BEGIN Source records
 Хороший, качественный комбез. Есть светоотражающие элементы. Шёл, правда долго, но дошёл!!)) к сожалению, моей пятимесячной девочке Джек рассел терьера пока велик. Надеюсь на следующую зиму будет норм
END Source records
BEGIN Source records
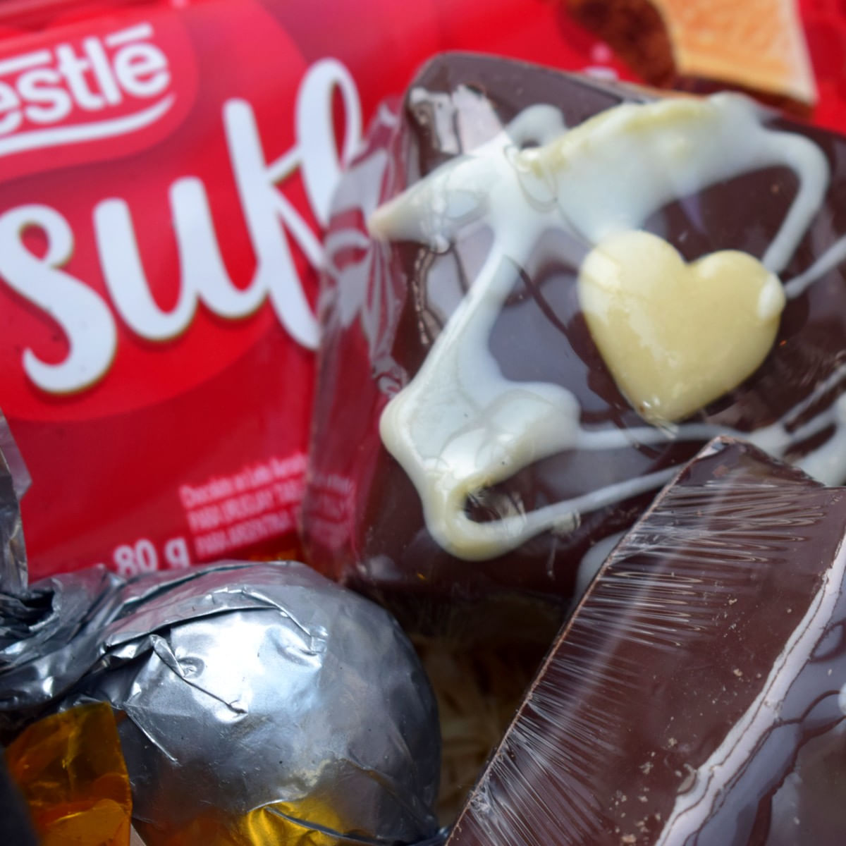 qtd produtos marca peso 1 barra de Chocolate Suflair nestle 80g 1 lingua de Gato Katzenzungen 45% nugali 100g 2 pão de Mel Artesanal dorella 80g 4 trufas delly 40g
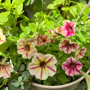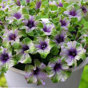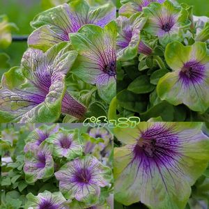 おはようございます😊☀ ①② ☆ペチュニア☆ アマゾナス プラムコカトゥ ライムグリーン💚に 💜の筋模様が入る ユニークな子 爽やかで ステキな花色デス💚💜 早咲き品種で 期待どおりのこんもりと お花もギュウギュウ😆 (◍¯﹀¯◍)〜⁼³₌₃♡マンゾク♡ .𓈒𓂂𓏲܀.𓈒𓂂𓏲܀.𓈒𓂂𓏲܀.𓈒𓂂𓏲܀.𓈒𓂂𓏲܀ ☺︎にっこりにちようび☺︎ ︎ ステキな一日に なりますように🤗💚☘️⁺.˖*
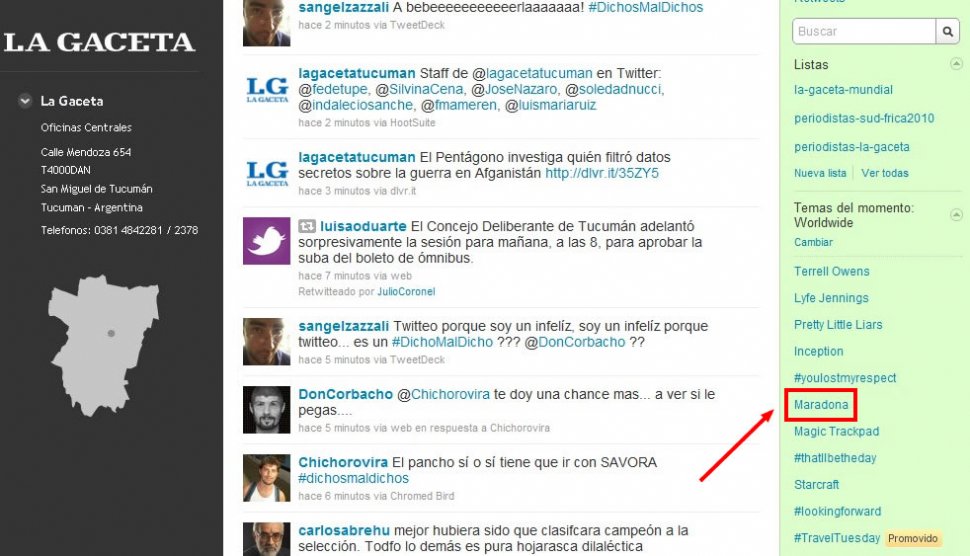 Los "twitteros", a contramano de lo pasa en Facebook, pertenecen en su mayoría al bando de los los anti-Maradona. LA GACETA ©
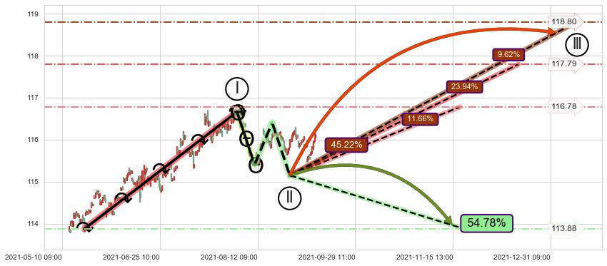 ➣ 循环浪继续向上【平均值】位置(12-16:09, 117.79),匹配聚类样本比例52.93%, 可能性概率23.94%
END Source records
## The problem
When copying from the data above, begin at the line containing "qtd produtos marca" and end at the line containing "循环浪继续向上【平均值】位置(12-16:09, 117.79),匹配聚类样本比例52.93%, 可能性概率23.94%"; return those lines exactly and leave all pictures behind.

## Answer for this exercise
 qtd produtos marca peso 1 barra de Chocolate Suflair nestle 80g 1 lingua de Gato Katzenzungen 45% nugali 100g 2 pão de Mel Artesanal dorella 80g 4 trufas delly 40g
 おはようございます😊☀ ①② ☆ペチュニア☆ アマゾナス プラムコカトゥ ライムグリーン💚に 💜の筋模様が入る ユニークな子 爽やかで ステキな花色デス💚💜 早咲き品種で 期待どおりのこんもりと お花もギュウギュウ😆 (◍¯﹀¯◍)〜⁼³₌₃♡マンゾク♡ .𓈒𓂂𓏲܀.𓈒𓂂𓏲܀.𓈒𓂂𓏲܀.𓈒𓂂𓏲܀.𓈒𓂂𓏲܀ ☺︎にっこりにちようび☺︎ ︎ ステキな一日に なりますように🤗💚☘️⁺.˖*
 Los "twitteros", a contramano de lo pasa en Facebook, pertenecen en su mayoría al bando de los los anti-Maradona. LA GACETA ©
 ➣ 循环浪继续向上【平均值】位置(12-16:09, 117.79),匹配聚类样本比例52.93%, 可能性概率23.94%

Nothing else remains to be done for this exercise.